Depuis plus d'une semaine à présent, plusieurs Busards Saint-Martin ont choisi d'établir leurs quartiers de fin d'hivernage dans les collines sundgauviennes, Alsace du Sud. Hautes de 300 mètres plus ou moins, elles sont, en certains endroits reliques, la mémoire vivante d'anciennes pratiques agricoles collectives, où des cultures différentes étaient pratiquées, souvent en alternance, exigeant ainsi la discipline de tous, les biens répartis entre ces divisions du territoire, pour que chaque famille dispose tous les ans des différentes productions (blé, seigle, épeautre, avoine, orge et jachères pour le bétail). Ces paysages aux masses de couleurs simplifiées, souvent stigmatisés comme des traits d'archaïsme agraire, je les ai fait miens, tout comme ce village, aux portes du géant mulhousien, qui montre encore à travers sa ceinture de vergers et d'enclos potagers les gros dos des granges tournées vers la plaine.
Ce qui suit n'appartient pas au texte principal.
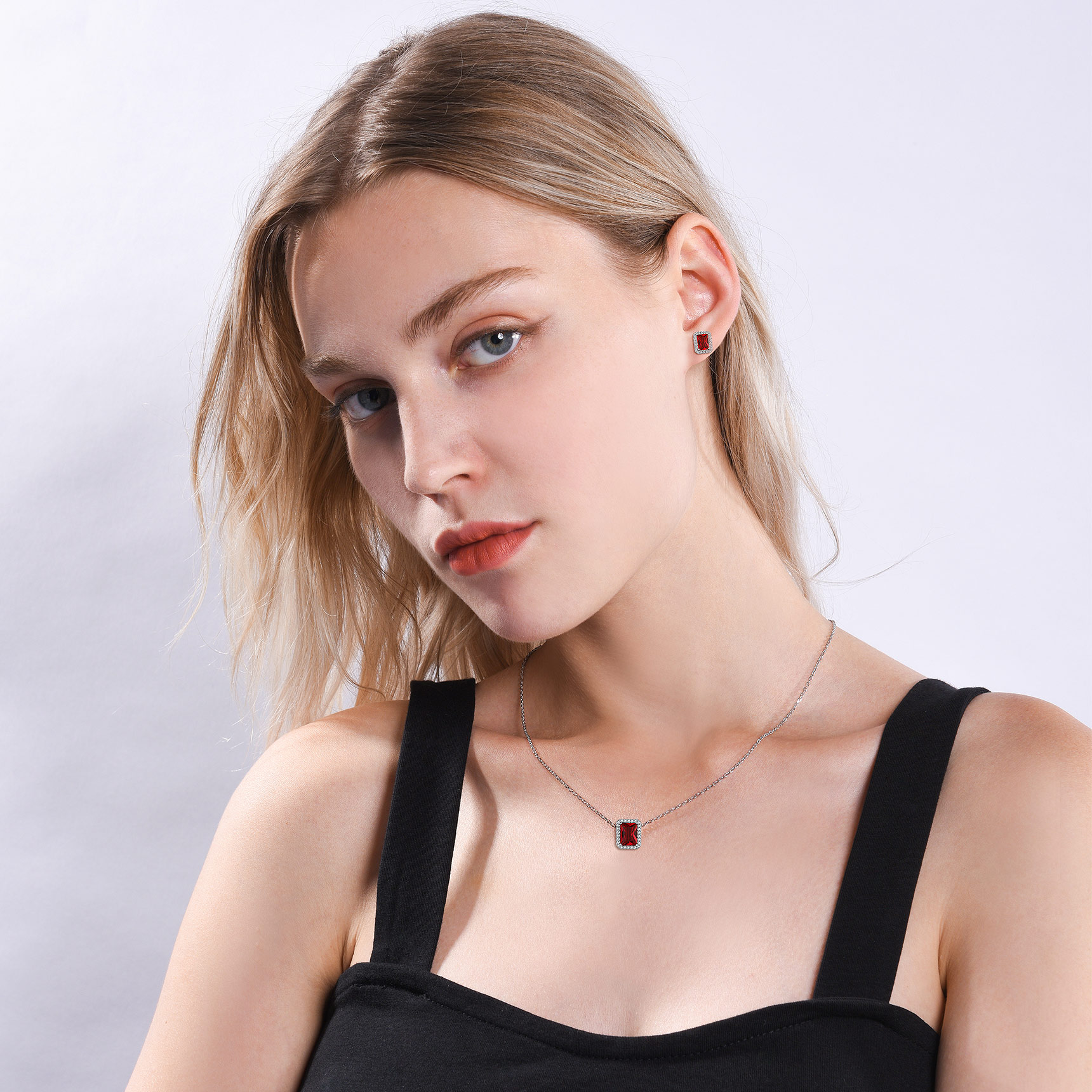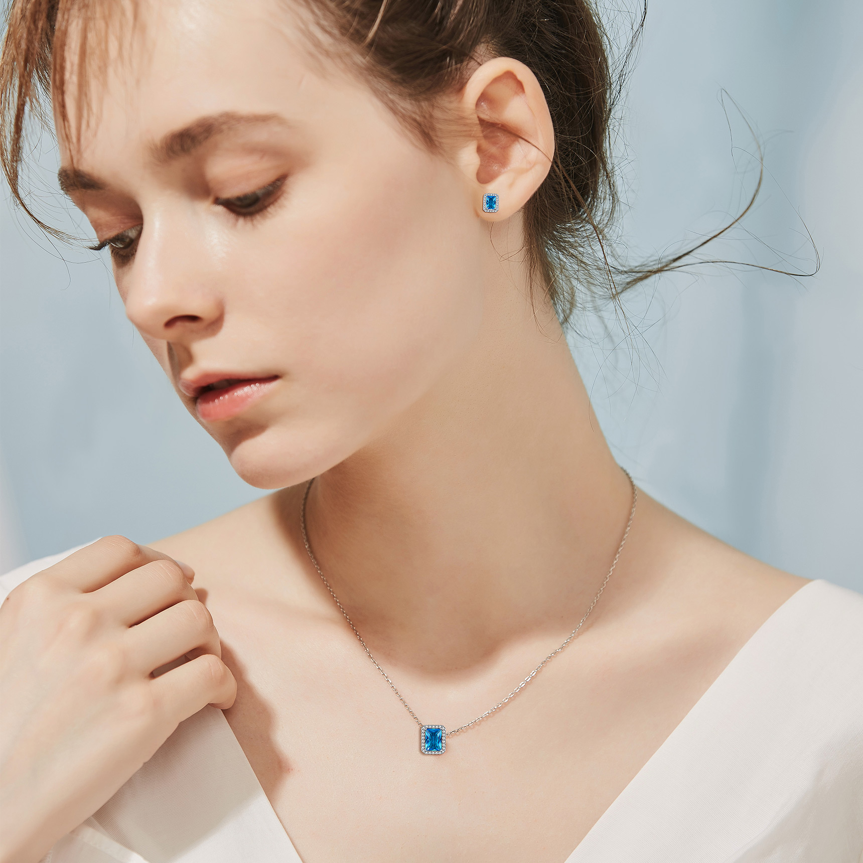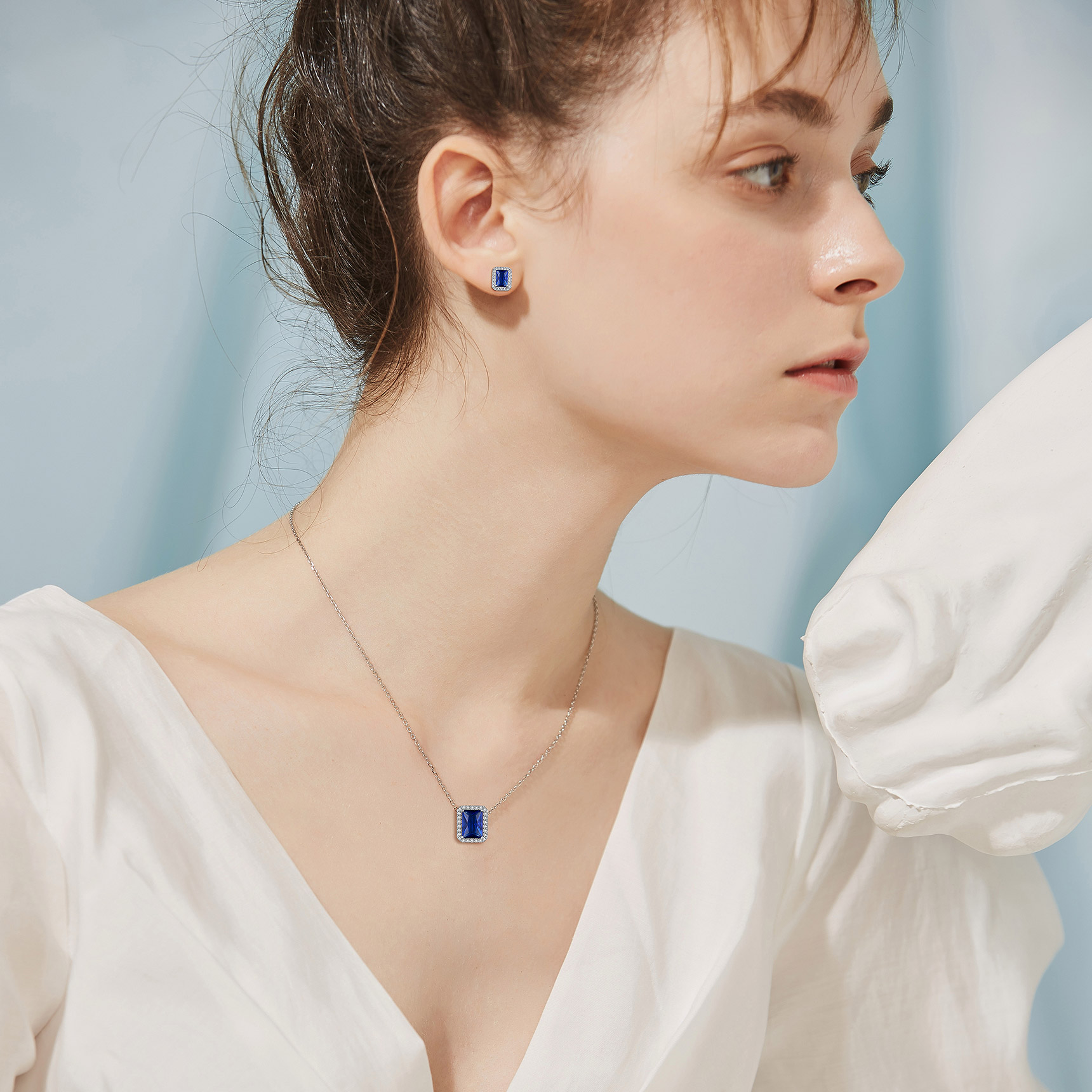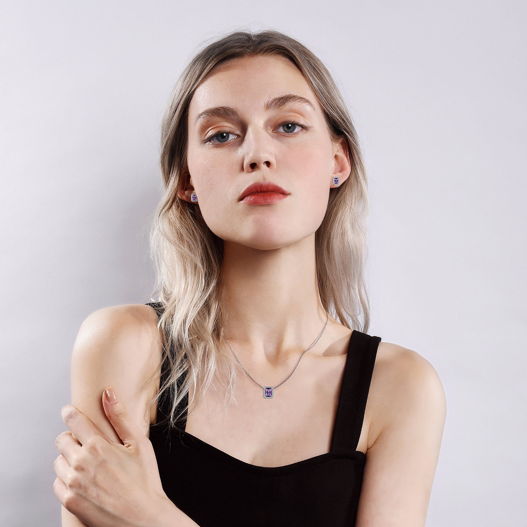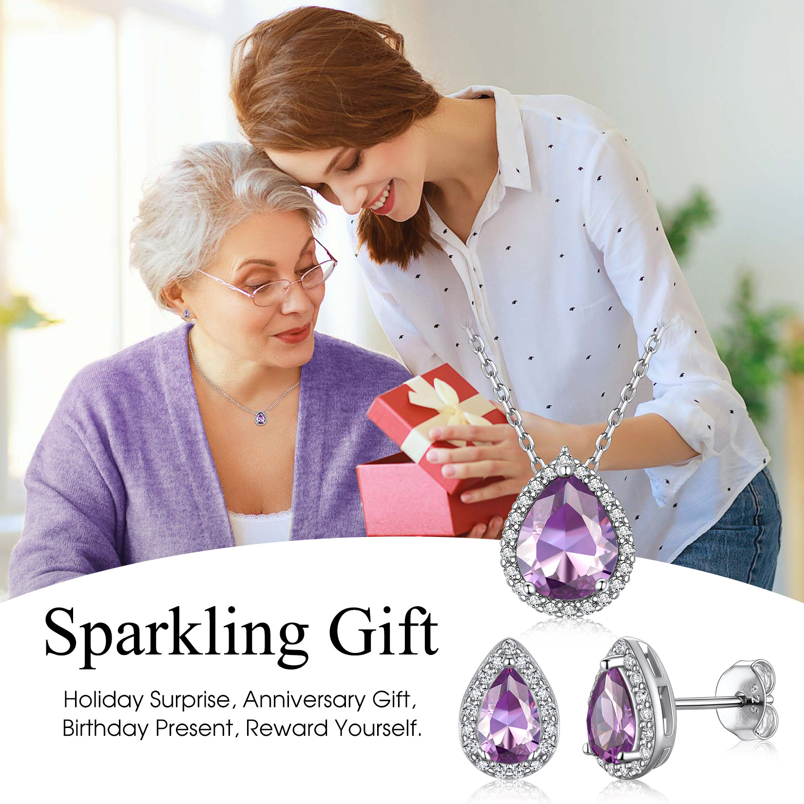 [June - Synthetic Blue Aquamarine Birthstone Necklace] 7mm x 9mm Purple Alexandrite Gemstone Necklace embellished with 1mm white Cubic Zirconia, exquisitely inlaid in high polished 925 Sterling Silver. These glittering crystals will shimmer with the slightest movement. So flattering and sparkling, just like the real diamond! There are 12 different colors of Gemstones, corresponding to the birthstone of each month. You can choose the color according to the birth month.

C'est donc parmi les hommes qui en ce moment taillent les fruitiers et les arpents morcellés de vigne, que, sans se lasser, mais sans hâte, minutieux et opiniâtres, comme les gens d'ici, un couple de Busards Saint-Martin rôde à faible hauteur entre prairies de fauche, pâtures, haies vives, champs de labour, explorant le terrain dans ses moindres recoins, prêts à s'abattre sur une proie. Sveltes et légers, ils glissent au ras des herbes, pareils à des ombres silencieuses...

Aucun paysan que je rencontre et avec lequel je devise sur les affaires du ban ne les a remarqués ! Alors que tout-à-l'heure, tandis que Mr Munsch brûlait les branches de ses pommiers, coupées avec parcimonie et selon des critères précis, afin que l'arbre "respire", me dit-il, d'ailleurs il fait partie de la Société d'Arboriculture du village d'à côté, j'ai bien vu d'un oeil le mâle, à 50 mètres, zigzaguer, hésiter, tournoyer, s'arrêter sur une taupinière, le temps que Mr Munsch m'explique qu'il s'agit là d'arbres à tiges moyennes, pas hautes, et il repart dans sa quête méthodique, implacable malgré son apparente nonchalance... Je montre à l'arboriculteur cet oiseau : ah, c'est donc cela, à Büssard ou à Wej, que nos voisins allemands, toujours plus imagés dans leur vocabulaire, appelent "Kornweihe", ou Milan des graines (Korn, le grain de blé), pour sa propension à survoler les champs cultivés.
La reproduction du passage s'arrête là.